With these two tables in place along with a base set of sample data, we can run any number of verification steps before tearing it down and trying again. Let’s perform a very basic failure test by trying to insert an invalid relationship:

(cat </dev/null
\set ON_ERROR_STOP on
BEGIN;
INSERT INTO some_stuff (junk_id, garbage) VALUES (6, 'YAY');
ROLLBACK;
EOF
); test $? -eq 3 && echo "passed"

passed

the psql command reports an exit status of 3 when a script fails in some manner. We designed the script to fail, so that’s exactly what we want. In this case, our test passed and we can continue with more tests, or drop the test_a database completely if some of the tests sufficiently tainted the data. We don’t care about any of the contents, and in fact, should throw them away as often as possible to ensure a sterile testing environment.
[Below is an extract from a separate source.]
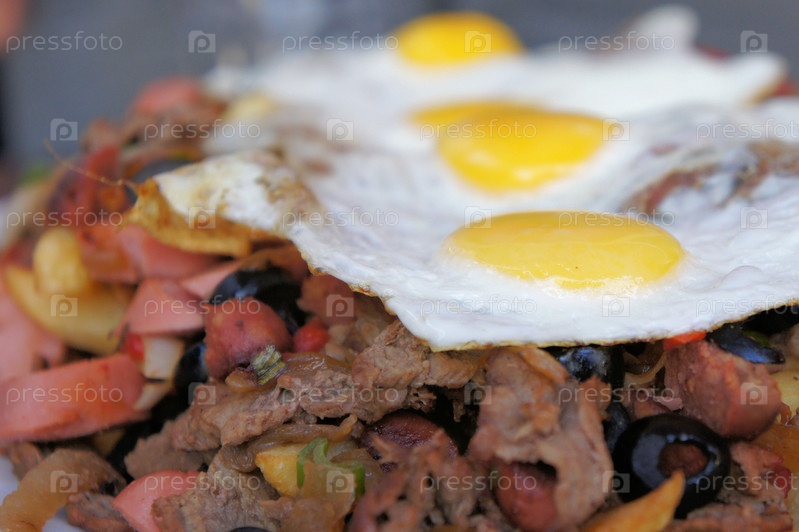 Яичница с мясом и овощами

When it comes to development, we could use the contents of test_a to isolate some potentially dangerous set of code changes without affecting the main working data set in our development environment. Each developer can have their own playground on a shared server. We could even write a system to compare the differences between the main database and one of our forks, and produce a script to affect a migration. There are a lot of exciting use cases lurking here.

All of this does of course carry one rather glaring caveat: it’s not free. It takes time and storage resources to copy the contents of a template database. The larger the data set and count of objects, the more work Postgres must perform in order to initialize everything. If we have 100GB in the template database we’re basing further databases upon, we have to wait for that much data to be copied. Taking that into consideration, there’s probably an upper bound on how large a database can get before using it as a template becomes rather cumbersome.

On the other hand, Postgres is smart enough to realize data files themselves won’t be any different just because they reside in another database container, so it copies them wholesale. We don’t need to wait for index creation or any other high-level allocation command like we would if we were replaying a script. If we increase the row count of some_stuff to five million, filling the table takes 95 seconds on our test VM and consumes about 400MB of space. Creating a new database with it as a template however, merely requires about one second. This drastically increases iterative test throughput, provided we have such a contraption.

I almost never see this kind of usage in the wild, which is a huge shame. It’s not quite git, but we can version and branch our database contents to our heart’s content with templates. Imagine if we have a product that is distributed with a core data set. We could package a deployable binary extract by targeting the proper database for a specific application version, while still maintaining the entire product database history on our side.

Few database engines even have a mechanism for this kind of database cloning. Why let it go to waste?